Radical Classicism

5/1/2010 Uncategorized

To prove that we’re ecumenical when it come to urban design ideas, I point you in the direction of this recent proposal for City Hall and City Hall Plaza by Aaron Helfand, a student at the Notre Dame School of Architecture. Aaron’s professor was Duncan Stroik, a classmate of mine at the University of Virginia (we graduated together in 1984, to put some anecdotal perspective on this project).  The proposal has some merits, although the central axis  of City Hall is aligned with a relatively random bay of Center Plaza across Cambridge Street (conveniently missing from the aerial view) and the wing of City Hall facing the MBTA station pavilion is strangely unaffected by the complexities of the immediate context (Venturi taught us, even as a classicist, to have some fun with these kinds of opportunities).

More bizarre than the proposal (which is a bit too retardaire for MY taste), is David Brussat’s post on this project:  Here’s some follow-up on Aaron Helfand’s spectacular proposal to replace Boston City Hall with a city hall worthy of Boston. His ideas spring from a thesis done at Notre Dame’s School of Architecture, under the tutelage of Duncan Stroik. Helfand masterfully dissects the absurd idea that today’s City Hall Plaza and the Renaissance piazza of Siena bear some resemblence beyond the reverse affinity of direct opposites.
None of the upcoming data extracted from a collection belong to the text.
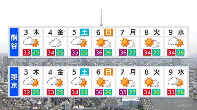 4日(金)頃から夏空が広がるでしょう。熊谷では5日(土)以降、連日35℃以上の猛暑日、東京も6日(日)は36℃まで上がる予想です。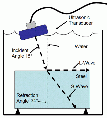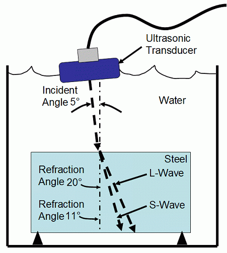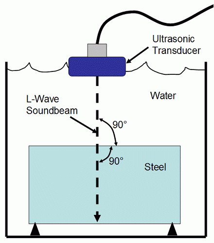 Ultrasonic beam refraction and mode conversion are comparable to light as it passes from one medium to another. Remember how the straw in the glass of water looks broken if observed from the side? The same phenomenon occurs with ultrasonic waves as they are passed into a UUT. The figure below depicts an ultrasonic transducer that transmits an ultrasonic wave through water into a block of steel. Because the direction of the ultrasonic wave is at a 90-degree angle with the surface of the steel block, no refraction occurs and the L-wave is preserved.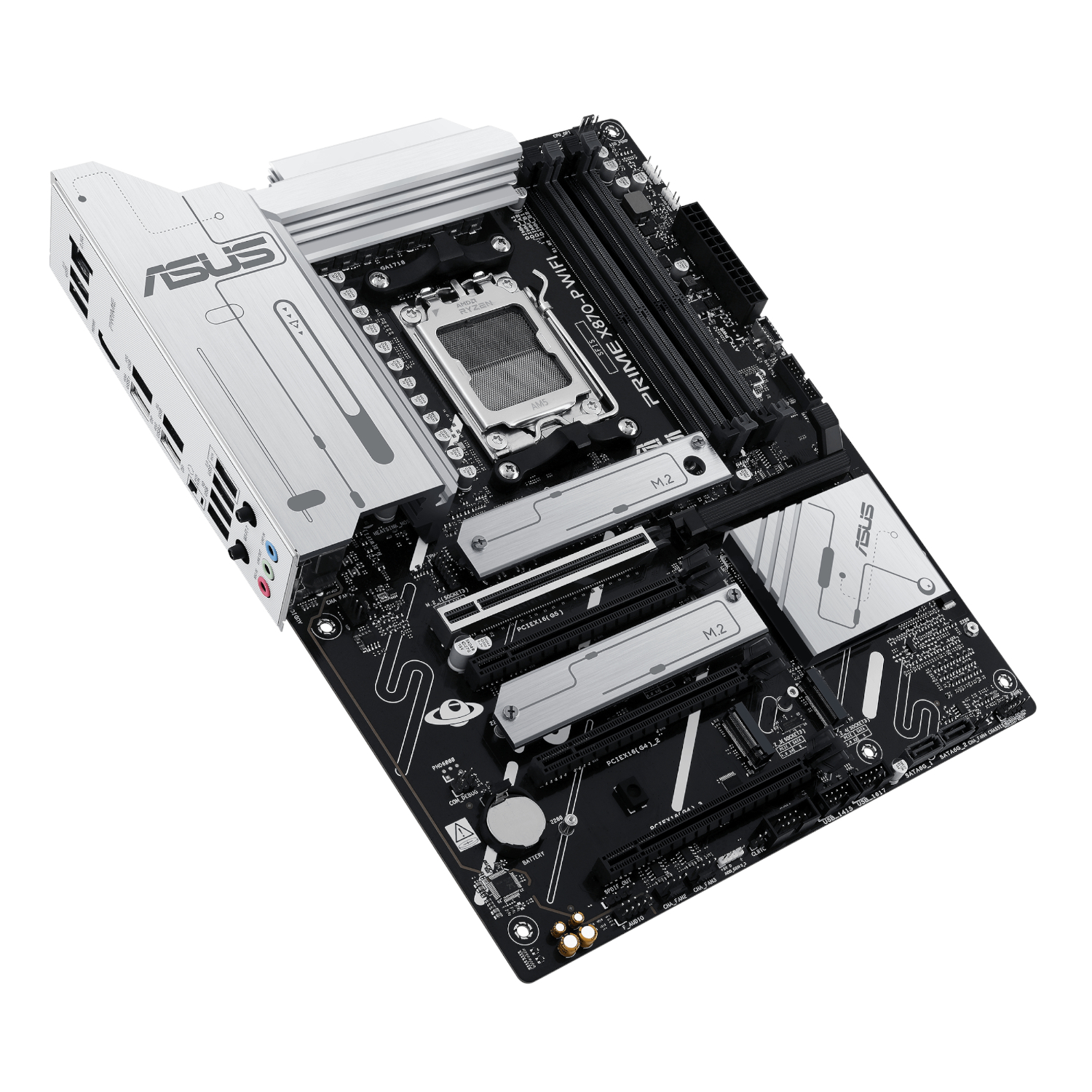 Designed with DDR5 performance in focus, the PRIME X870-P WIFI supports memory speeds up to 8000+ MT/s (OC) with AMD EXPO™ and ASUS Enhanced Memory Profile (AEMP) compatibility. Whether you’re running high-end gaming rigs or productivity-focused workstations, memory tuning is effortless thanks to a wide array of UEFI BIOS tools. Four onboard M.2 slots futureproof your storage setup—one PCIe 5.0 slot offering speeds up to 128Gbps, two PCIe 4.0 slots up to 64Gbps, and one PCIe 3.0 slot for additional expansion flexibility—ensuring fast system boot times and snappy application performance.

The claim made by the Brutalist monstrosity’s architects that they took their inspiration from Siena suffers total defenestration at the hands of the recent graduate, who last week joined me for a drink after joining me as a fellow member of the board of the New England chapter of the Institute of Classical Architecture & Classical America. (Just by chance I happened upon his drawings the next morning in a Boston Globe online slideshow of defunct projects.)

Brussat is the architecture critic for the Providence Journal and an ardent champion of neo-traditionalism, mostly in the guise of 1920s-era American classicism (think late McKim, Mead & White). 

Thanks to Ted Szostkowski of Kallman McKinnell & Wood for alerting me to this proposal.